David Marr is probably spewing that almost all the attention on his Quarterly Essay is focused on Rudd’s flamboyant obscenities at the Copenhagen summit. What was it that our sombre and mealy mouthed PM was alleged to have said? (I’m quoting here from the extract because I don’t yet have access to the original):

“Those Chinese f-ckers are trying to rat-f-ck! us,” declared Kevin Rudd …

In this mood, he’d been talking about countries “rat-f-cking” each other for days. Was a deal still possible, asked one of the Australians.

“Depends whether those rat-f-cking Chinese want to f-ck us.”

So far as I can recall I have never heard rat-f-ck or rat-f-cking before and I immediately assumed that K.Rudd had thought it up on the spot — a surreal obscenity from a tired and frustrated leader who’d staked his reputation on climate action and a new relationship with China.

But dictionaries have more to say on the dubious practice of rat-f-cking.

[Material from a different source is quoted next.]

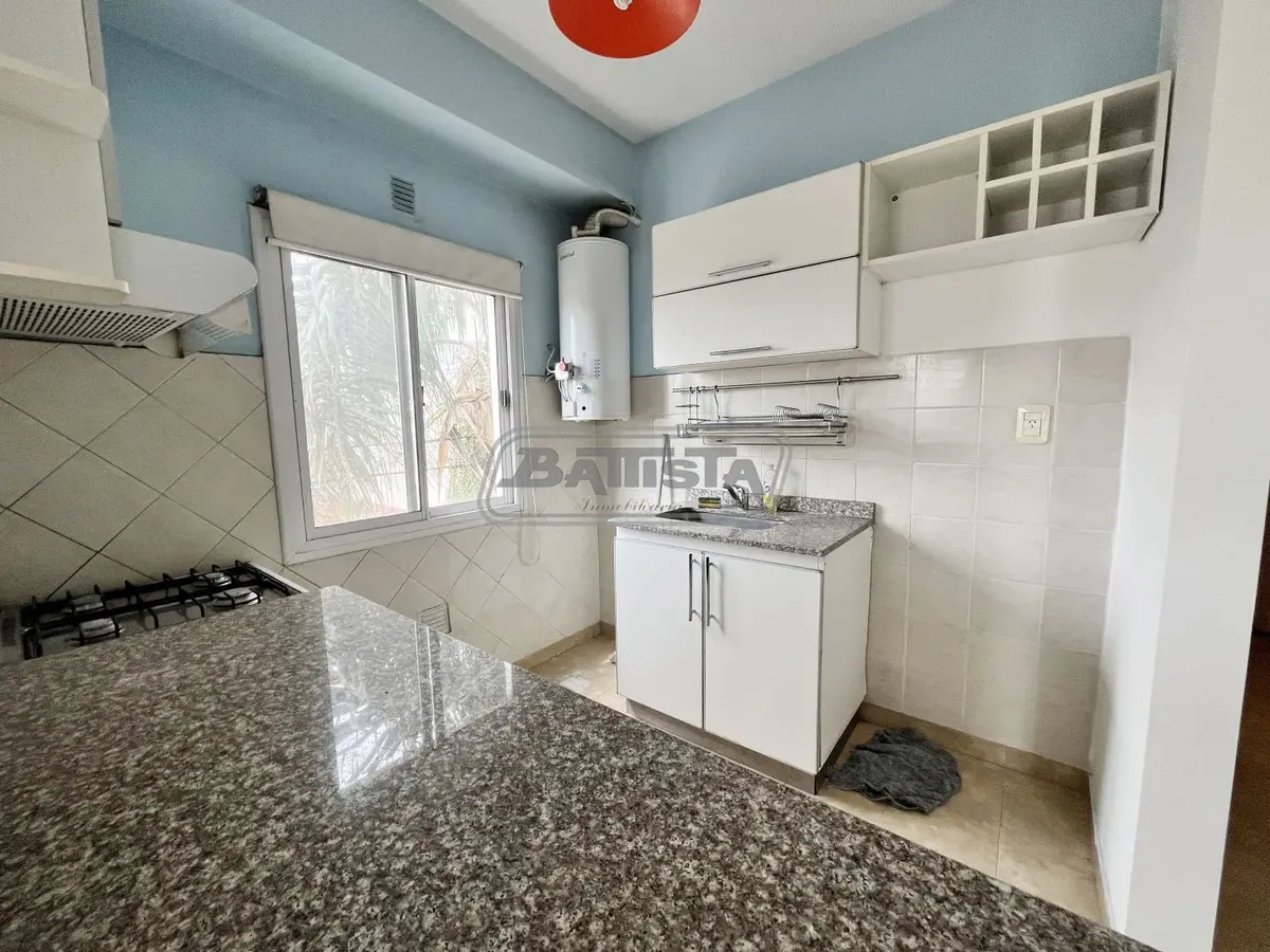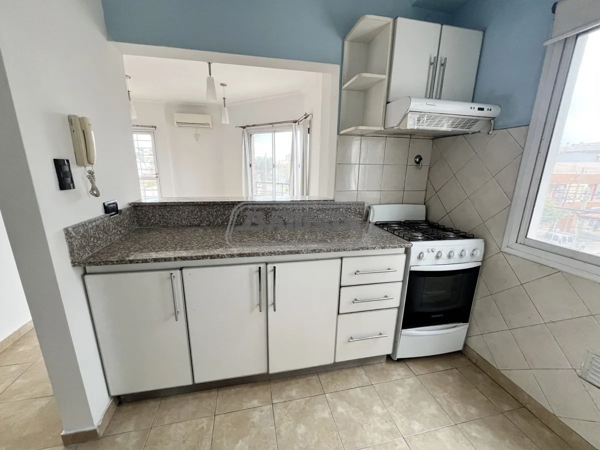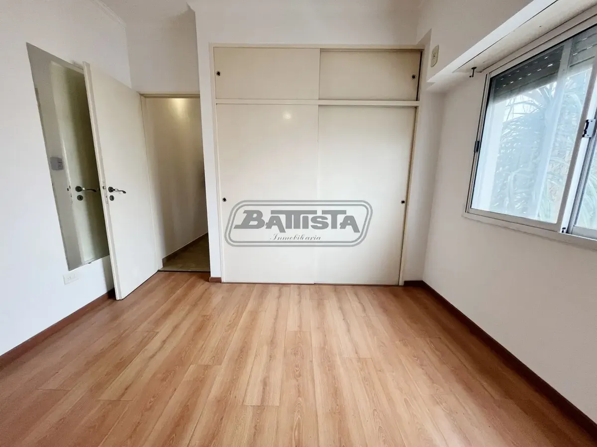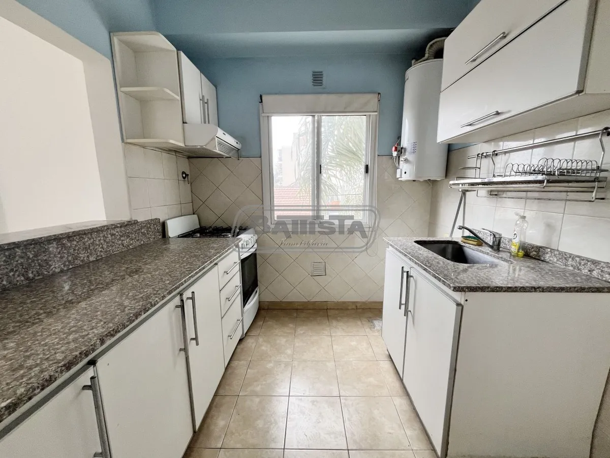 Two-room apartment with living-dining area street-facing with ceramic flooring and a balcony. Semi-integrated kitchen with base cabinets and pantry, plus a laundry space. Complete bathroom and front bedroom with floating floor and built-in wardrobe with interior fittings. In good condition.

The OED locates the first printed use of rat-f-ck in 1920s America, and it has been spotted in published US sources right up until the present decade. The F Word, a 1995 reference work on “the most controversial word in the English language”, has even more examples. My agents behind the apple-pie curtain have observed its continued use in spoken American English. So what exactly does it mean?

References indicate that rat-f-ck as a verb has a whole range of applications. It can mean “to outwit”, “to rummage through with the intent to steal” and  “to harm or victimise”; but it seems that the most commonly applied meaning is “to botch”.

And rat-f-ck as a noun can refer variously to a “a contemptible or despicable person”,  a “bungled or disorganised operation or undertaking”, “an unimportant task or mission” or “a crowded, chaotic event, esp. one intended to garner media attention”.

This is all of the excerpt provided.